Low Bias: Suggests less assumptions about the form of the target function.
High-Bias: Suggests more assumptions about the form of the target function (example
fitting a logistic regression model on a complex image classification model).
Examples of low-bias machine learning algorithms include: Decision Trees, k-Nearest
Neighbors and Support Vector Machines.
Examples of high-bias machine learning algorithms include: Linear Regression, Linear
Discriminant Analysis and Logistic Regression.
Variance Error Variance is the amount by which estimate of the target function will
change if different training data was used. The target function is estimated from the
training data by a machine learning algorithm, so we should expect the algorithm to have
some variance. Ideally, it should not change too much from one training dataset to the
next, meaning that the algorithm is good at picking out the hidden underlying mapping
between the inputs and the output variables. Machine learning algorithms that have a high
variance are strongly influenced by the noise in the training data. Generally, nonparametric
machine learning algorithms that have a lot of flexibility have a high variance. For example,
decision trees have a high variance, that is even higher if the trees are not pruned before
use.
Examples of low-variance machine learning algorithms: Linear Regression, Linear
Discriminant Analysis and Logistic Regression.
Examples of high-variance machine learning algorithms: Decision Trees, k-Nearest
Neighbors and Support Vector Machines.

9. Explain Bias-Variance Trade-Off
Ans. The goal of any supervised machine learning algorithm is to achieve low bias and
low variance. In turn the algorithm should achieve good prediction performance. For
example, take a dataset in which the relationship between predictor and target variable is
not exactly linear. A straight line will have high bias but low variance but a polynomial of
degree 10 will have low bias and high variance.

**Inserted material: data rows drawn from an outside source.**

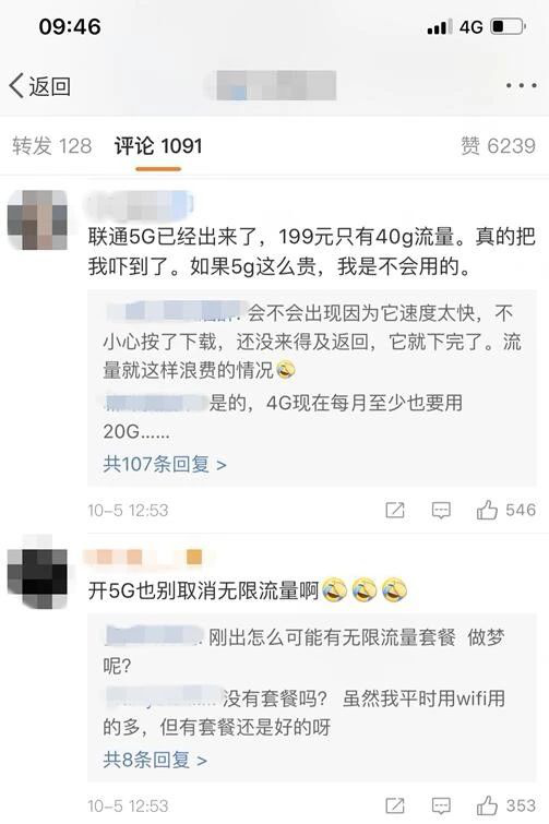 也有很多用户在观望中,"等你们用个几个月5G,告诉我费用,我再看看是不是要跟你们一起混。"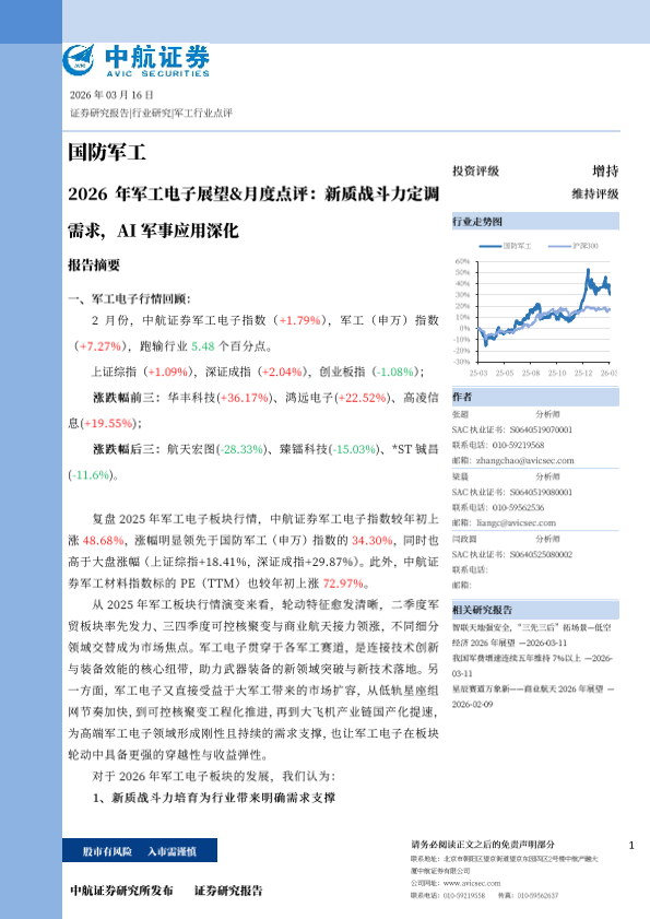 【中航证券】【202603】2026年军工电子展望&月度点评:新质战斗力定调需求,AI军事应用深化-16页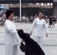 视频里,闫跟着弟子们切磋武艺。一掌劈到空气上,把徒弟打得跟摸了电门一样浑身抽搐。隔着五六位弟子,闫大师微微一笑,手指轻轻一戳,徒弟们飞身而散。《赌侠2》里面星爷的绝招,就这么被她轻易实现了。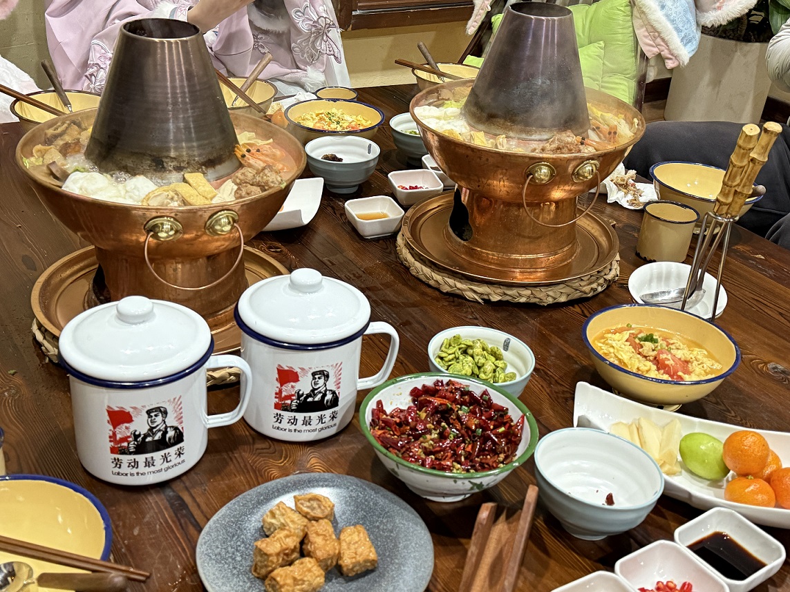 夜幕降临,我们在蘑菇屋里享用了一顿地道的江南晚宴。餐桌上,江南风味的时令菜肴、鲜美的河鲜、养生的暖锅一应俱全,大家举杯共饮,畅谈着两天来的所见所感。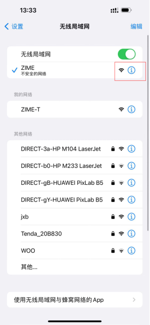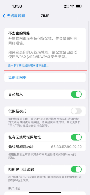 暂时的解决办法:忽略之前保存过的ZIME等SSID名称后,重新连接,具体操作如下: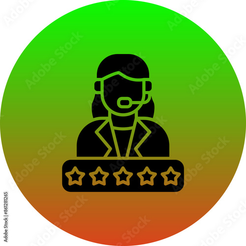 rating, feedback, review, agent, female, vector, icon, illustration, support, service, help, info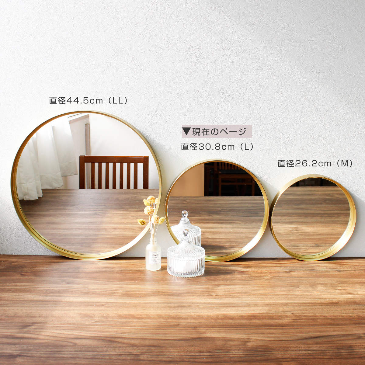 | サイズ | 直径:約 30.8(cm) 厚み:約3.8(cm) ミラー部分:直径約29.2(cm) |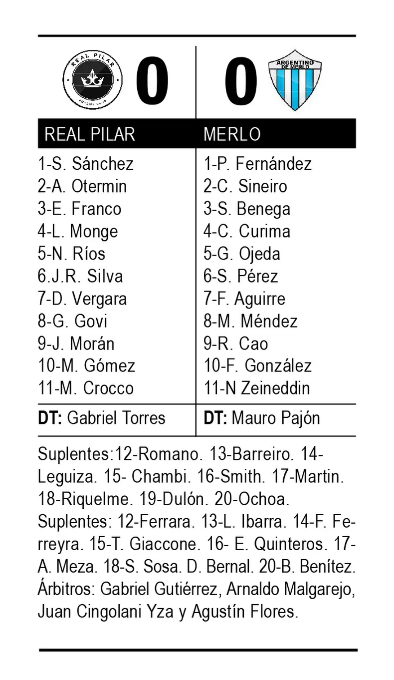 Torres mandó a la cancha a Marcos Riquelme en el segundo tiempo. Abandonó la línea de 3-5 sacando a Ariel Otermin, que sobraba ante las escasas llegadas de Merlo. El Pájaro lo tuvo con una media vuelta sin ángulo a los 10 del complemento y cinco minutos más tarde llegó el aluvión de cambios para ver si esta vez, como ocurrió ante Dock Sud, el juego y los goles llegaban desde el banco.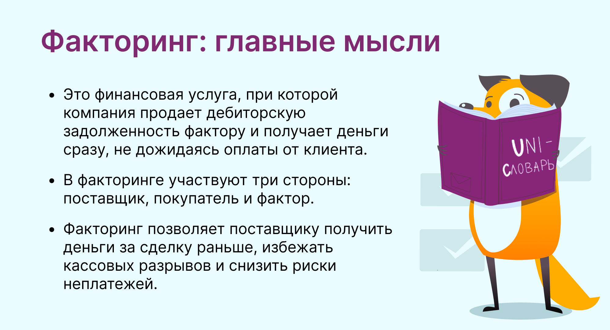 Факторинг — финансовая услуга, при которой компания продает дебиторскую задолженность, то есть неоплаченные счета, фактору и получает деньги сразу, не дожидаясь оплаты от клиента.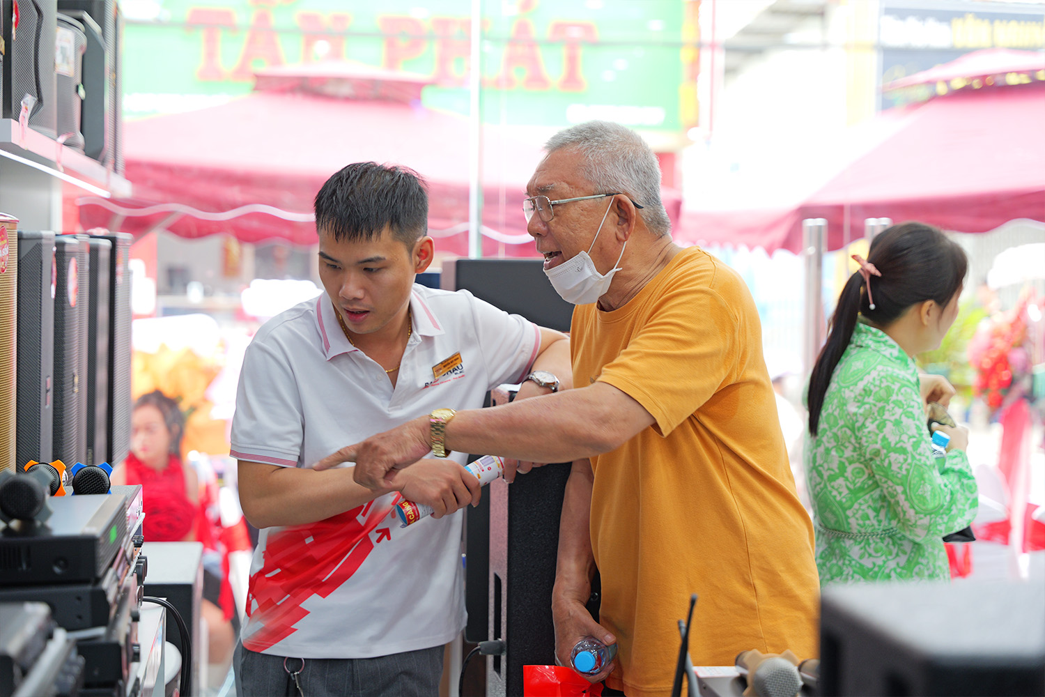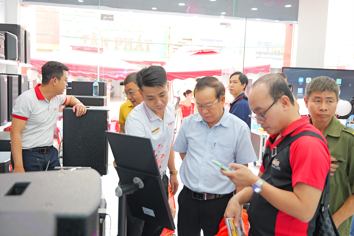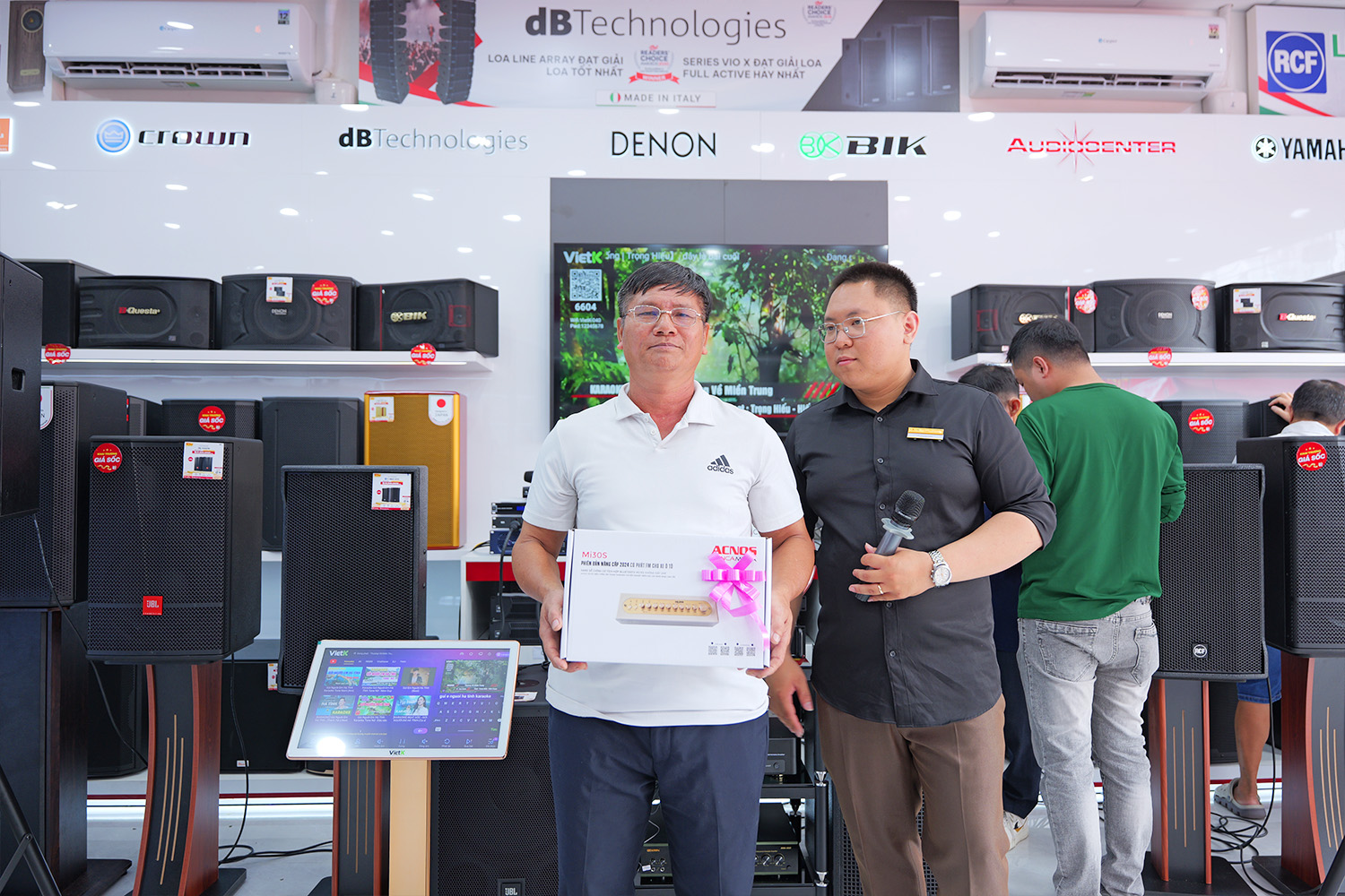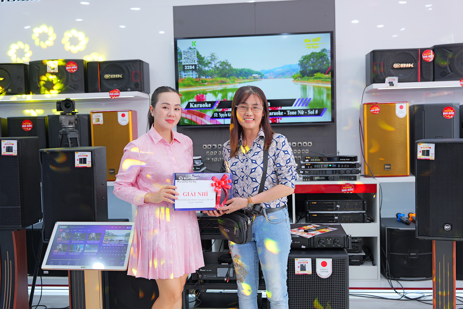 Phòng nghe thử được đầu tư cách âm tốt, trang bị hệ thống demo loa và micro chuyên dụng, mang đến trải nghiệm thực tế với chất âm trung thực, độ vọng thấp trong môi trường yên tĩnh. Ngoài ra, showroom còn được trang bị đầy đủ thiết bị phụ trợ như hệ thống ánh sáng demo, amply karaoke, mixer, micro thử cùng hệ thống điện ổn định, đảm bảo cho khách hàng những trải nghiệm tối ưu.

The parameterization of machine learning algorithms is often a battle to balance out bias
and variance. Below are two examples of configuring the bias-variance trade-off for specific
algorithms:
a) The k-nearest neighbors algorithm has low bias and high variance, but the
trade-off can be changed by increasing the value of k which increases the number of
neighbors that contribute to the prediction and in turn increases the bias of the model.
b) The support vector machine algorithm has low bias and high variance, but the
trade-off can be changed by increasing the C parameter that influences the number of
violations of the margin allowed in the training data which increases the bias but
decreases the variance.
There is no escaping the relationship between bias and variance in machine learning.
a) Increasing the bias will decrease the variance.
b) Increasing the variance will decrease the bias.
There is a trade-off at play between these two concerns and the algorithms you choose and
the way you choose to configure them are finding different balances in this trade-off for
your problem. We cannot calculate the real bias and variance error terms because we do
not know the actual underlying target function. Nevertheless, as a framework, bias and
variance provide the tools to understand the behavior of machine learning algorithms in
the pursuit of predictive performance.

10. What is overfitting and underfitting
Ans Overfitting refers to a model that models the training data too well. To put it in a
different way, it memorises the data instead of extracting generalisable patterns from it.
Overfitting happens when a model learns the detail and noise in the training data to the
extent that it negatively impacts the performance of the model on new data. This means
that the noise or random fluctuations in the training data is picked up and learned as
ncepts by the model. The problem is that these concepts do not apply to new data and
negatively impact the model’s ability to generalize. Overfitting is more likely with
nonparametric and nonlinear models that have more flexibility when learning a target
function. As such, many nonparametric machine learning algorithms also include
parameters or techniques to limit and constrain how much detail the model learns.
Underfitting refers to a model that can neither model the training data nor
generalize to new data. An underfit machine learning model is not a suitable model and will
be obvious as it will have poor performance on the training data. Underfitting is often not
discussed as it is easy to detect given a good performance metric. The remedy is to move
on and try alternate, more complex machine learning algorithms. Nevertheless, it does
provide a good contrast to the problem of overfitting. Ideally, a model is to be selected at
the sweet spot between underfitting and overfitting.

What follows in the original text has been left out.